Here is what I know about this. I do not know the answer to the question, but I have some guesses at an explanation. I also give some workarounds and a few simple, curious examples that illustrate some issues.

Preliminaries

First of all, Solve uses different algorithms for different types of problems, some description of which can be found in the implementation notes and the reference page. For instance it uses different algorithms over Reals and Complexes; it uses different algorithms for polynomials, algebraic functions and transcendental functions. With an inequality, it will assume the variable is real but that function values can be complex, unless the domain is specified to be Reals. Solve also gives only generic solutions (from the reference page):

Solve gives generic solutions only.

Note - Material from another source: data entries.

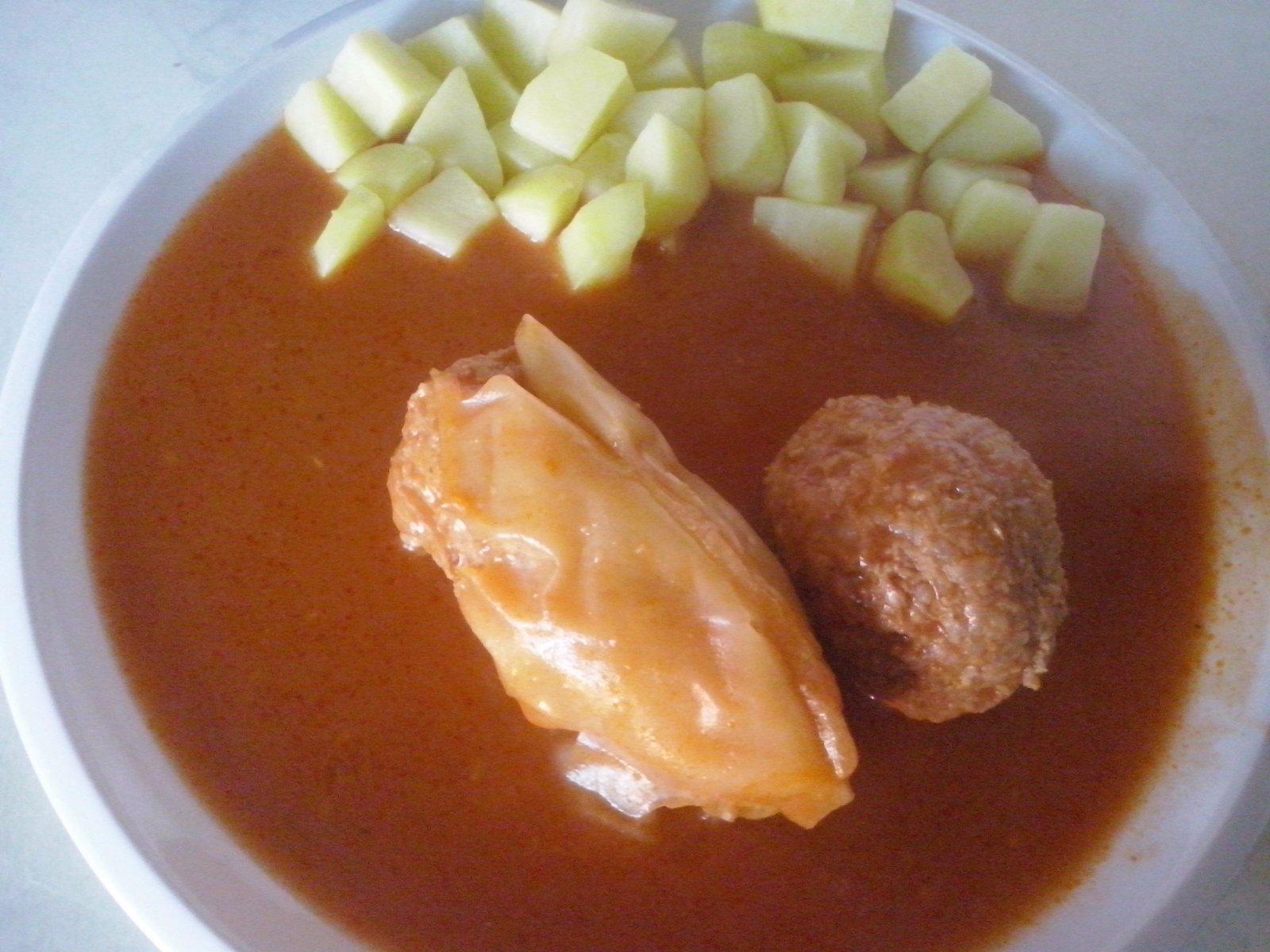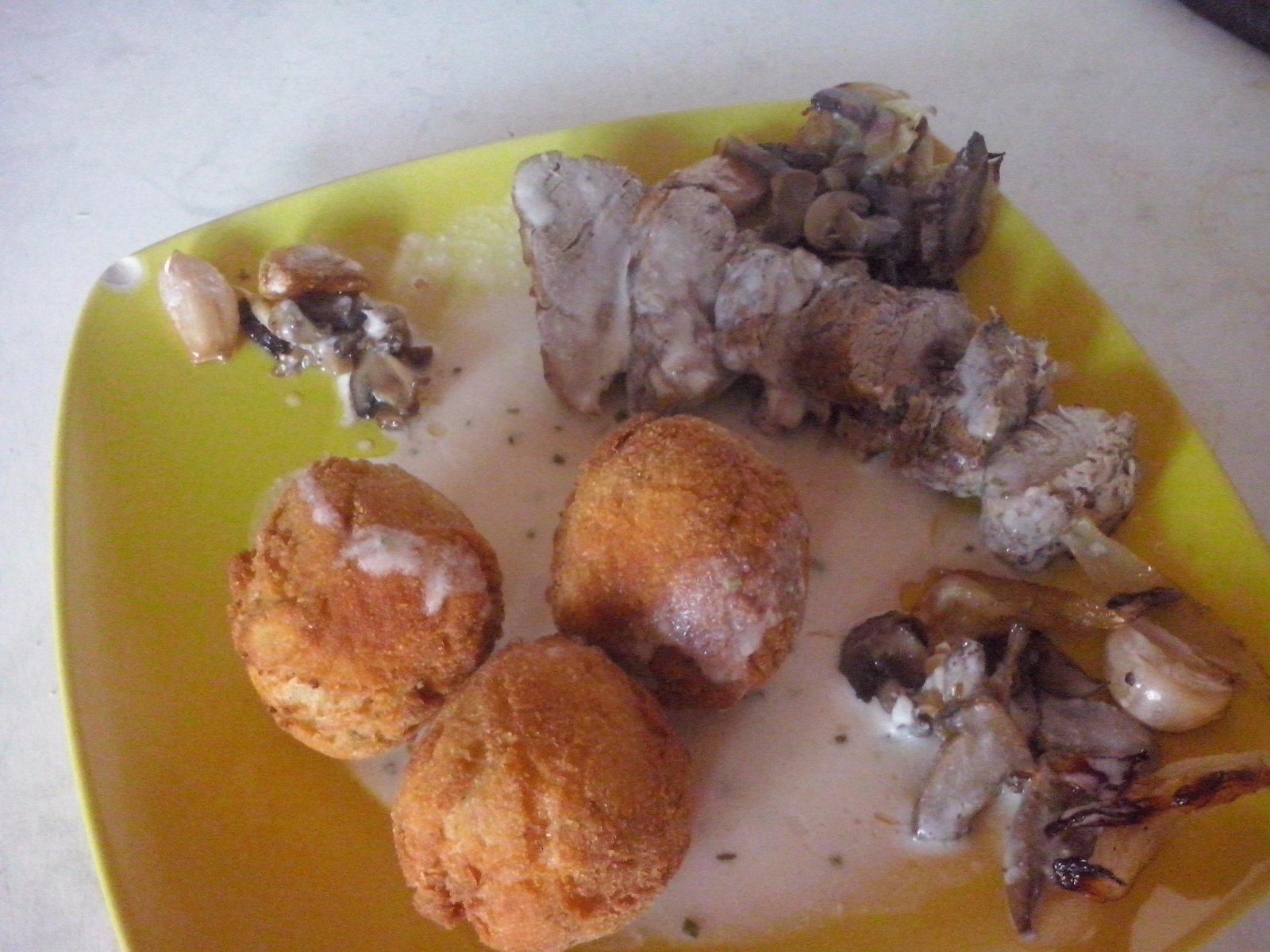 ahojte prikladám aj ja niečo ... panenka hubová omáčka a plnené zemiaky s nivou syrom , guláš no bohužial nie kotlíkový, zemiaky na kyslo so špekáčikom, plnená paprika, a znovu panenka minútková so šampiónmy brynzová omáčka a žemlové knedle vyprážané a na záver plnený kapustný list s kyslou smotanou
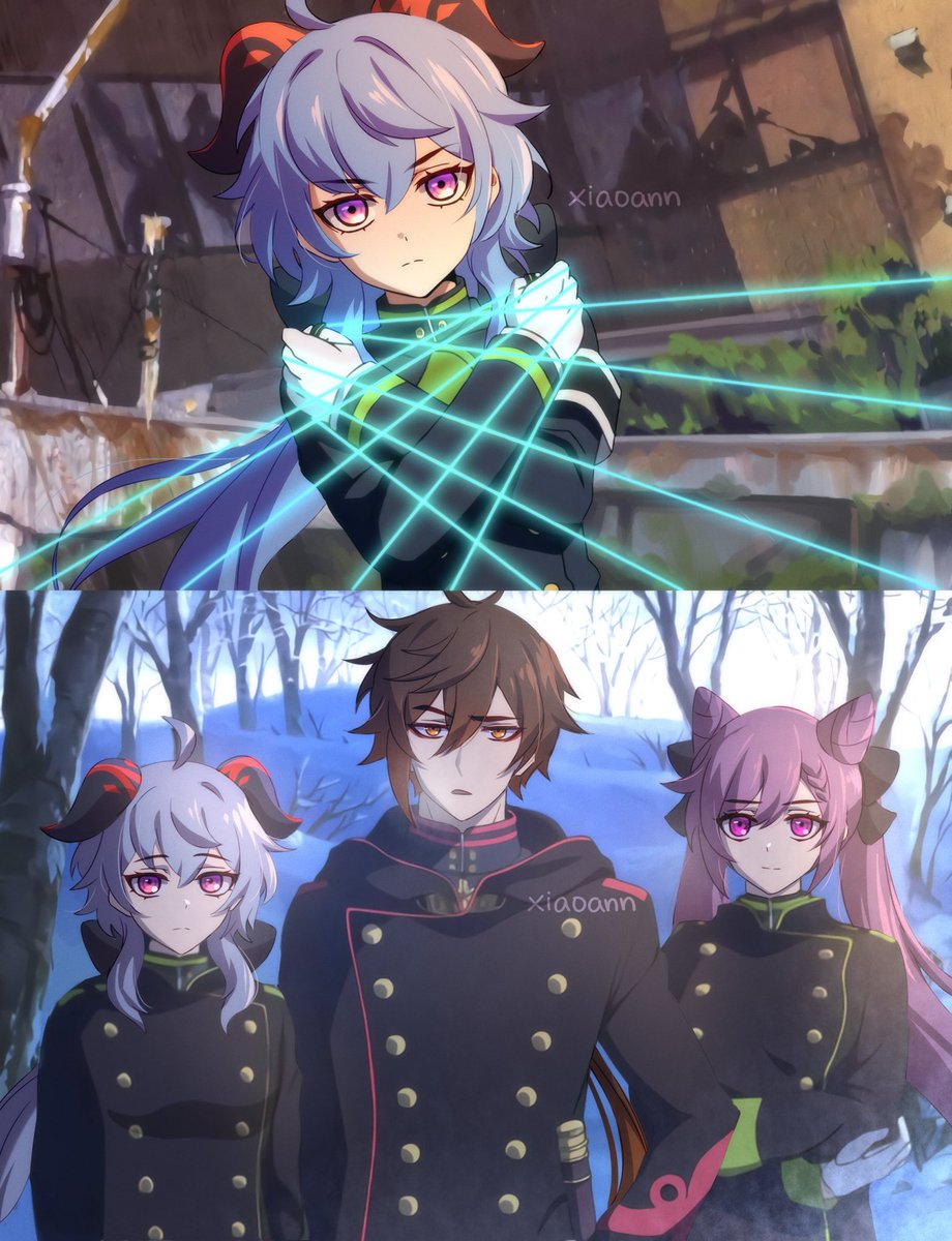 Owari no Seraph x Genshin Impact scene redraw part 16 with Ganyu as Shigure Yukimi (feat. Zhongli and Keqing!) 🐏❄️🗡️🩸#GenshinImpact #Ganyu #Zhongli #Keqing #OwariNoSeraph #原神
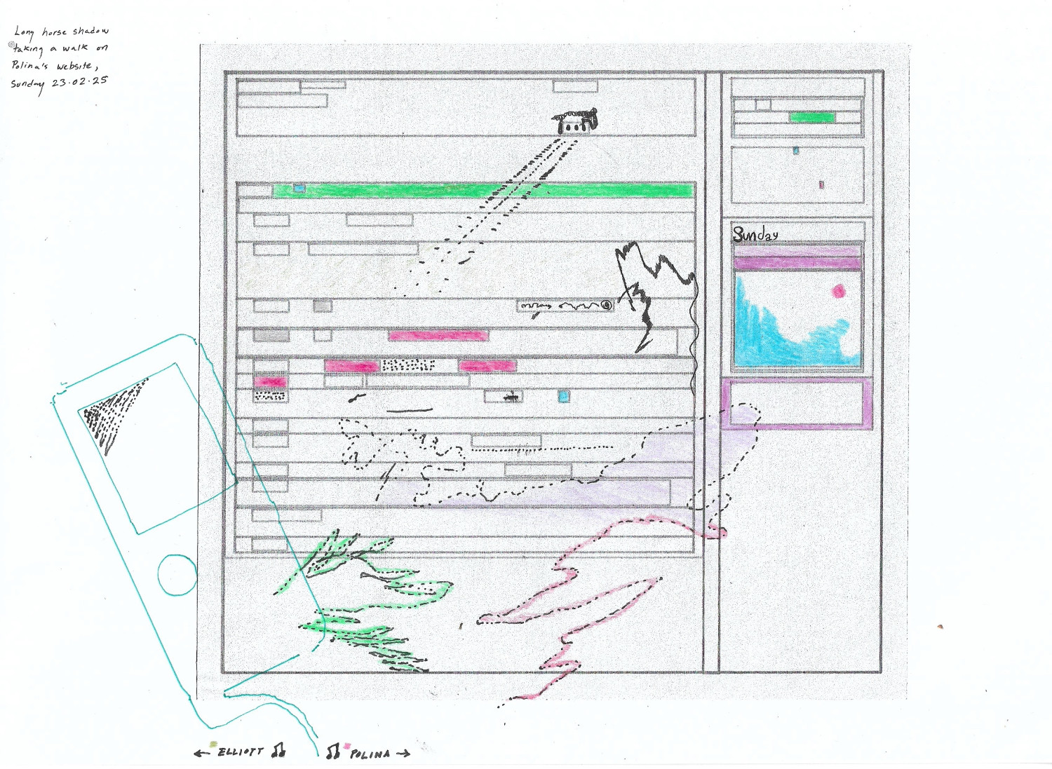 Tracings of the elements from polinsski.digitale-grafik.com (turquoise pen) and home.elliott.computer (magenta pen)
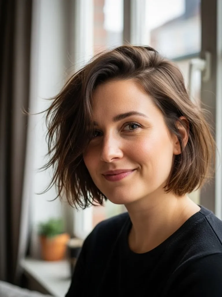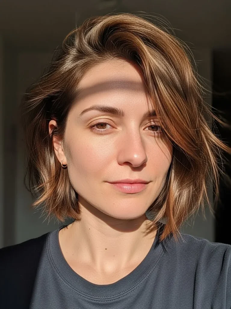 This chin length bob has a tousled side sweep that gives it instant volume and a relaxed modern feel. The soft choppy layers create movement while the subtle caramel pieces blend through the mid lengths for a warm lived in look. It feels easy and natural with just the right amount of texture.
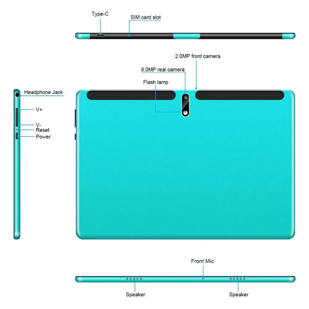 2.5D Steel Screen 10.1 inch Tablet PC Android 9.0 8GB+128GB ROM Ten Core 4G Phone Call Bluetooth Wi

Solutions that are valid only when continuous parameters satisfy equations are removed. Other solutions that are only conditionally valid are expressed as ConditionalExpression objects.


Aside: As a function of a complex variable Abs[m] is not even algebraic, although it (accidentally?) is over the reals: Abs[m]^2 == m^2. It comes into the OP's system through EuclideanDistance, which can be seen by evaluating this:

{ab == bc, bc == ac, ac == ab, m > 0}
{Sqrt[Abs[m] + Abs[m]^4] == 2 Sqrt[Abs[m]],
 2 Sqrt[Abs[m]] == Sqrt[Abs[m] + Abs[m]^4], True, m > 0}

The equations are algebraic as equations in Abs[m]. In terms of a complex variable m, they are transcendental (and not even locally holomorphic).


Explanation?

This could point to an explanation. Here are two possibilities:

1) If the problem is viewed as primarily to solve the inequality m > 0 but subject to the constraints ab == bc etc., then none of the solutions would be generic.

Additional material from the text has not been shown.